Объяснение в Любви
Неожиданно, разглядывая в какой-то книге знаки препинания, я увидел в них свой магический смысл, например, точка – это одинокий человек, запятая – человек, все время обо что-то спотыкающийся, двоеточие – человек раздвоенный, знак вопроса – человек, согбенный от тягот жизни, восклицательный знак – человек, идущий без всякой ноши, а поэтому постоянно выражающий собой восхищение, как и преувеличение собственных чувств! При этом я осознавал, что наша жизнь все время складывается из незримых пропастей, куда мы внезапно можем упасть…
Для меня такой пропастью вначале стала Ида, а потом ее сестра – Клара.
Тоню я исключаю из этого списка, поскольку поддался ее мимолетным чарам в виду слабохарактерности, или как бы выразился Леллямер, в виду своей чрезвычайной сексуальной порабощенности женскими чреслами. И слово-то какое, «чресла», то, через чего ты проходишь, приставка «ло» вроде как любовь, то есть чресла, это то место, через которое ты ощущаешь любовь.
Сейчас я ничего не делаю и только думаю, как мне быть дальше, я лежу на кровати в нашей комнате, рядом за столом сидит Леллямер. Он очень часто с похмелья сидит и вслух рассуждает о жизни, ожидая моего комментария к любой своей фразе.
Есть женщина, которая готова лечь под любого, – говорит Леллямер, просматривая журнал «Плейбой».
Его фраза нисколько не удивляет меня, поскольку я от него это уже слышал много раз, и приблизительно такую же фразу об Иде я слышал от Клары, и поэтому уныло киваю головой в сторону окна, потом поднимаюсь, и сам подхожу к окну. Окно распахнуто и на меня дует резкий ветер с дождем и снегом, серые занавески кудрявятся как локоны у еще не покалеченной Клары на черно-белом снимке.

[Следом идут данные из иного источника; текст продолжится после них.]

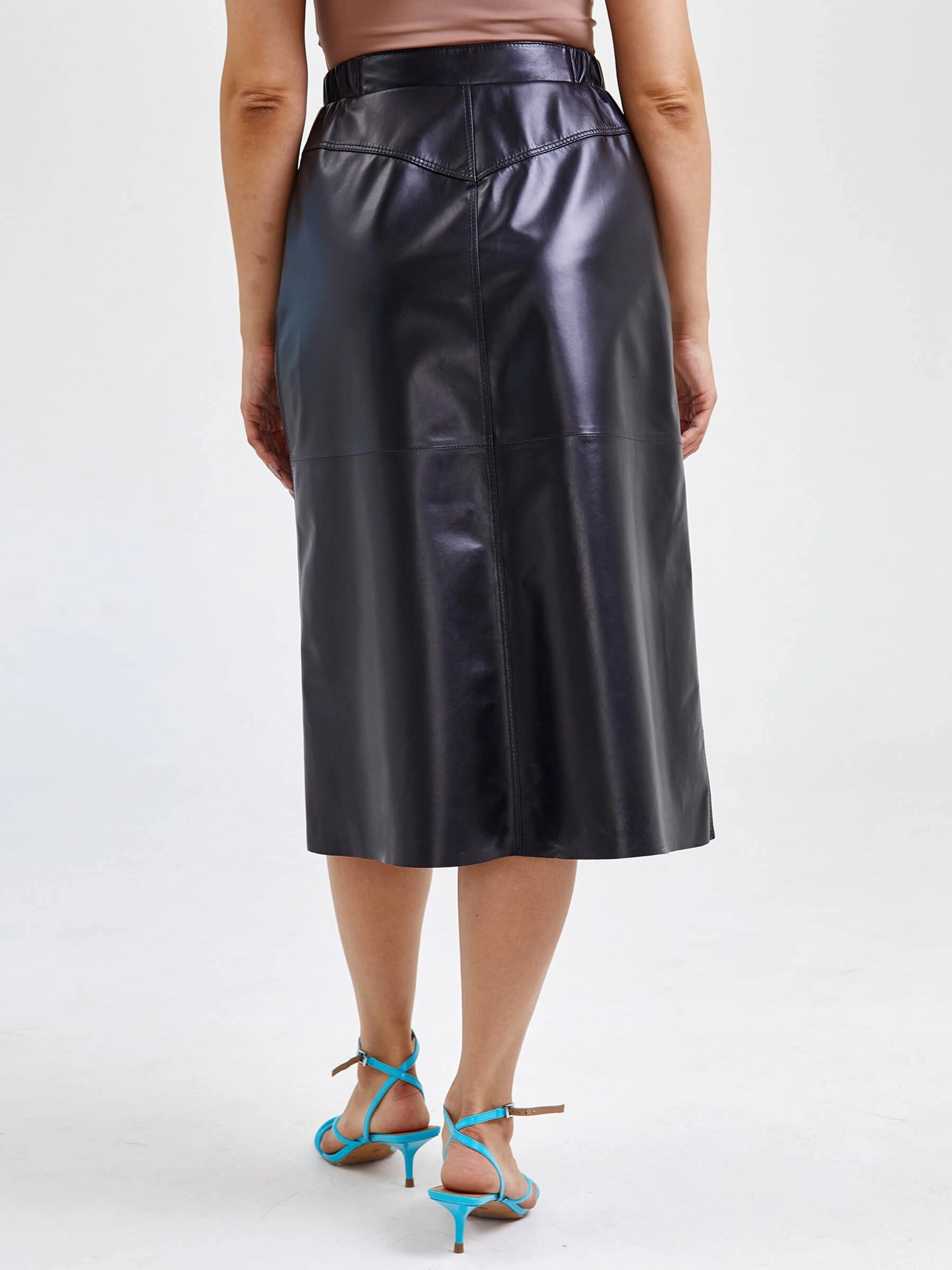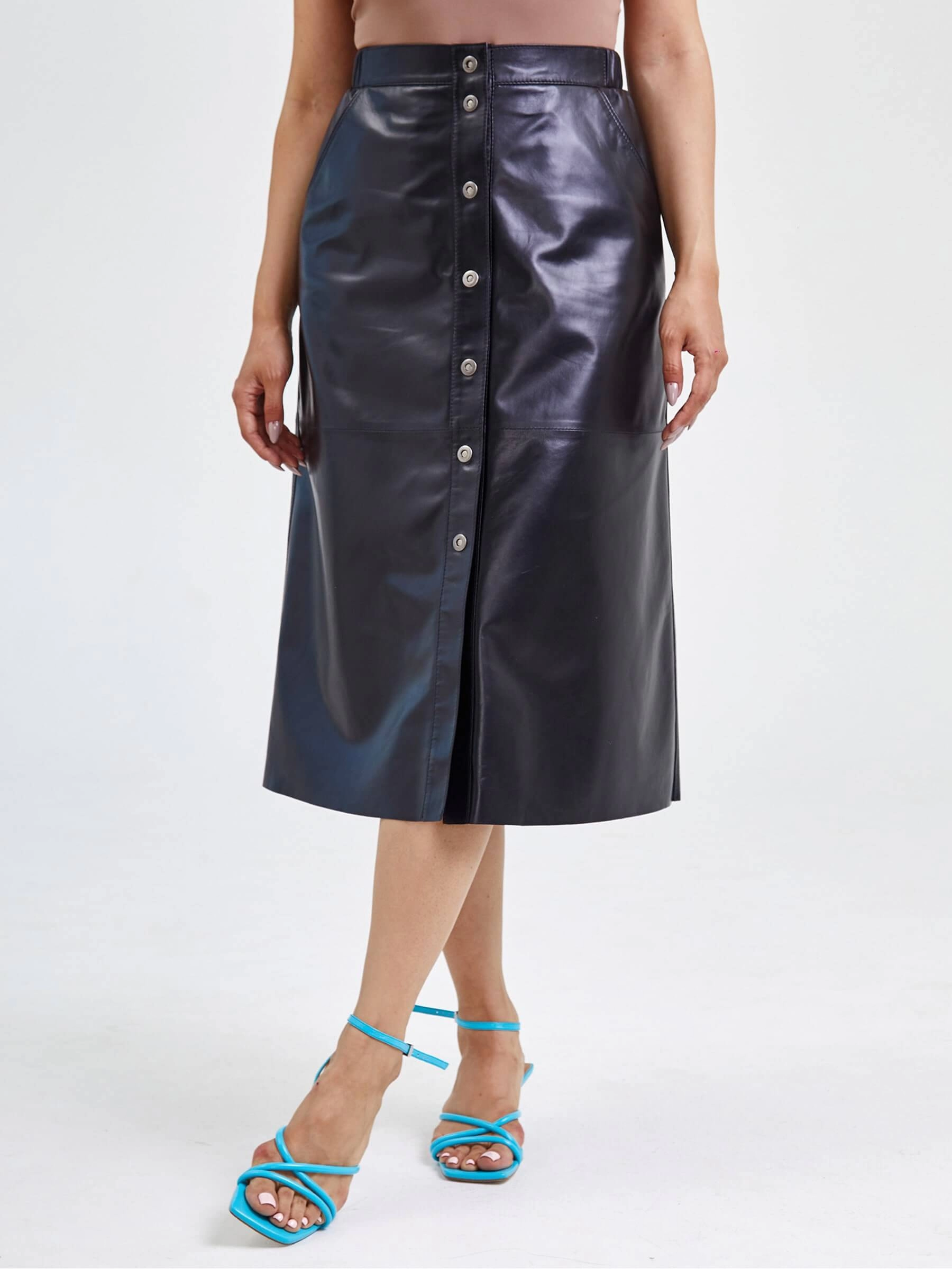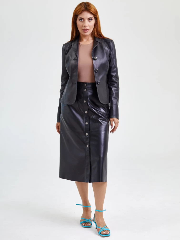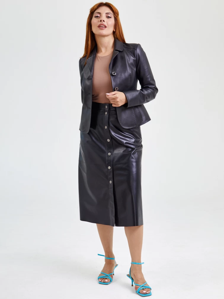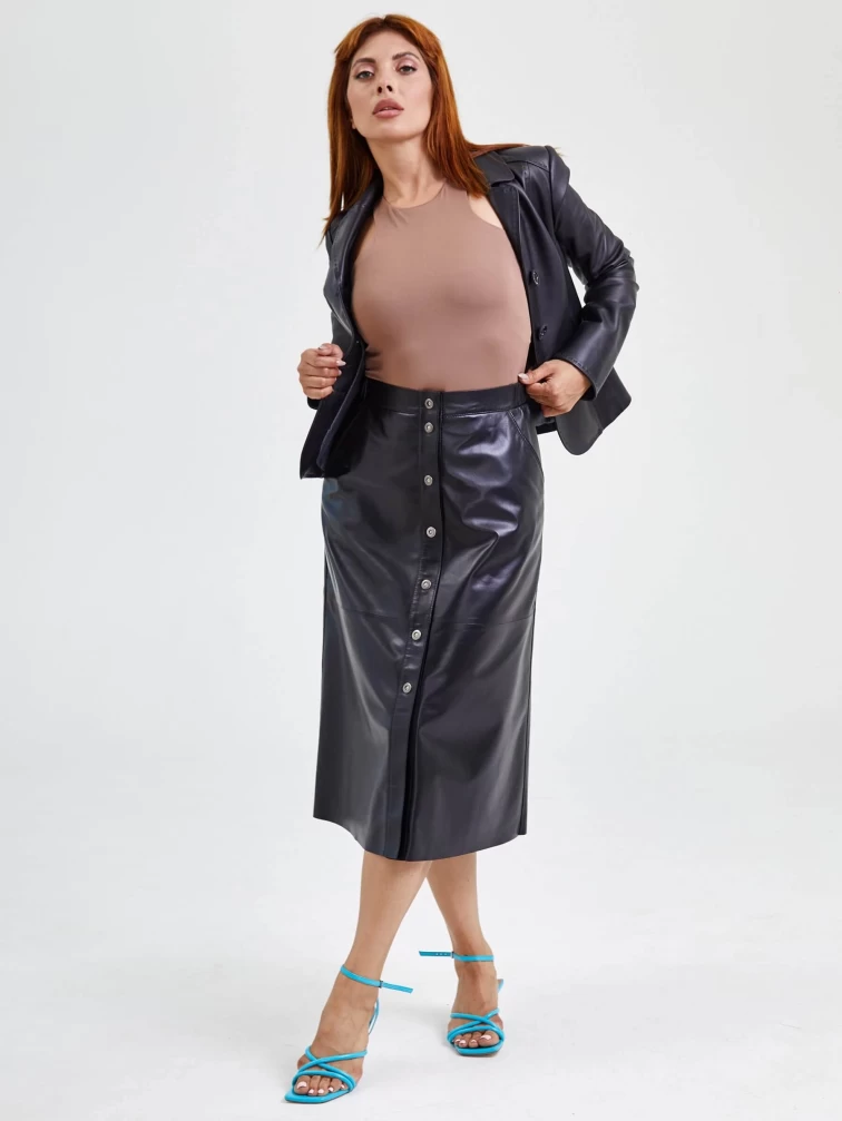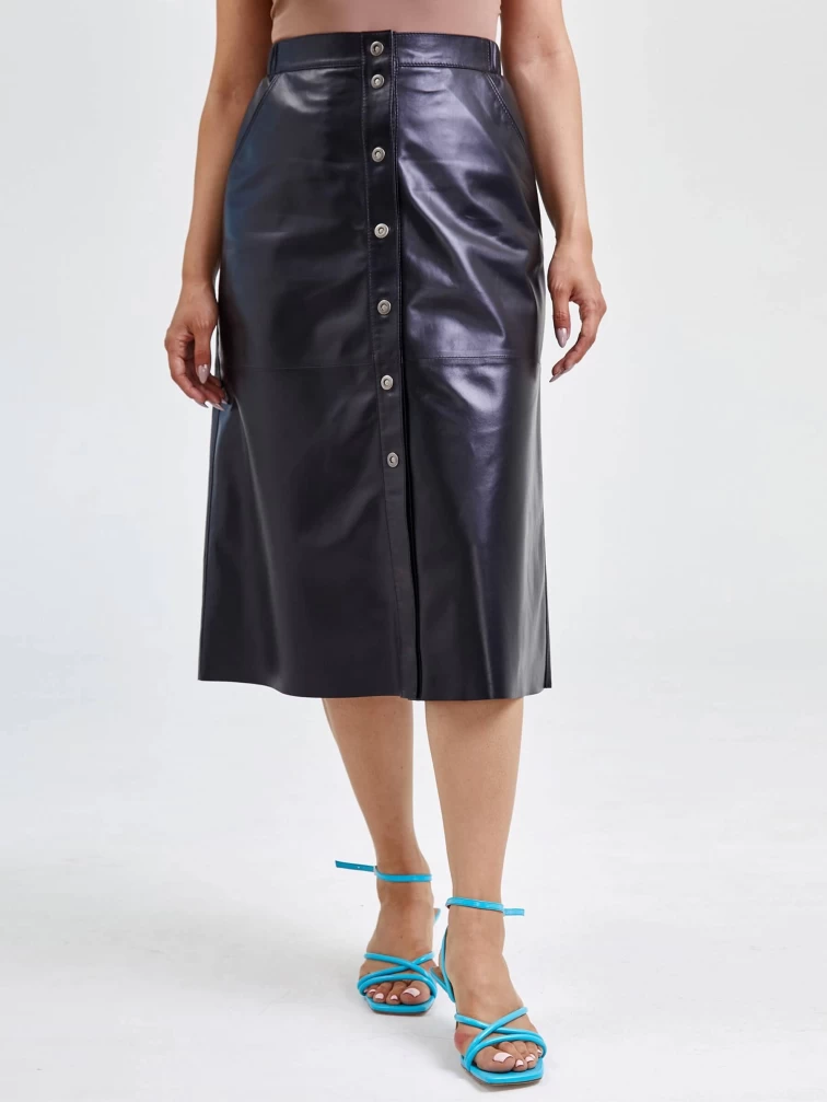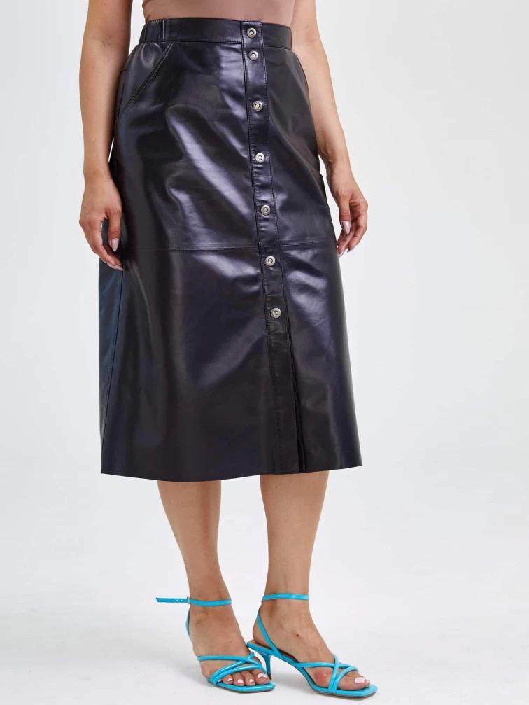 Элегантная длинная юбка из натуральной кожи длиной 80 см с расклешенным силуэтом на кнопках сочетает безупречную посадку с благородной фактурой природного материала. Мягкая кожа глубокого черного оттенка создает универсальную основу для любых образов — от лаконичных ансамблей с водолазками и объемными свитерами до смелых сочетаний с кожаными косухами. Особенность натуральной кожи проявляется в ее податливой пластичности и изысканном блеске: дополняйте образ ботильонами или сапогами на каблуке с металлическими деталями для офиса, вечера или городских прогулок. Этот кожаный крой легко трансформируется от строгой элегантности к дерзкому уличному стилю, демонстрируя все преимущества натурального материала — от комфорта в носке до статусного внешнего вида.

Может, ты чего-нибудь скажешь, – просит меня Леллямер.
Угу, – киваю я головой и начинаю воспроизводить голосом куриное кудахтанье.
Все-таки, ты псих, – немного помолчав, говорит Леллямер. – Может, сегодня приедет твоя Ида и привезет нам водки.
А что это изменит?! – вздыхаю я, и медленно одеваюсь.
Ну, выпили бы, повеселились, – в тон мне вздыхает Леллямер, и в его голосе чувствуется смертная скука.
Чтобы вы опять подмешали мне в водку снотворное, а Ида опять увезла меня к Кларе в особняк?! – с усмешкой разглядываю я удивленную и помятую морду Леллямера.
И за сколько меня, интересно, ты продал?! – спрашиваю я, и свешиваюсь головой вниз с подоконника.
Идиот, – бормочет перепуганный Леллямер и, хватая меня за ноги, тащит обратно в комнату.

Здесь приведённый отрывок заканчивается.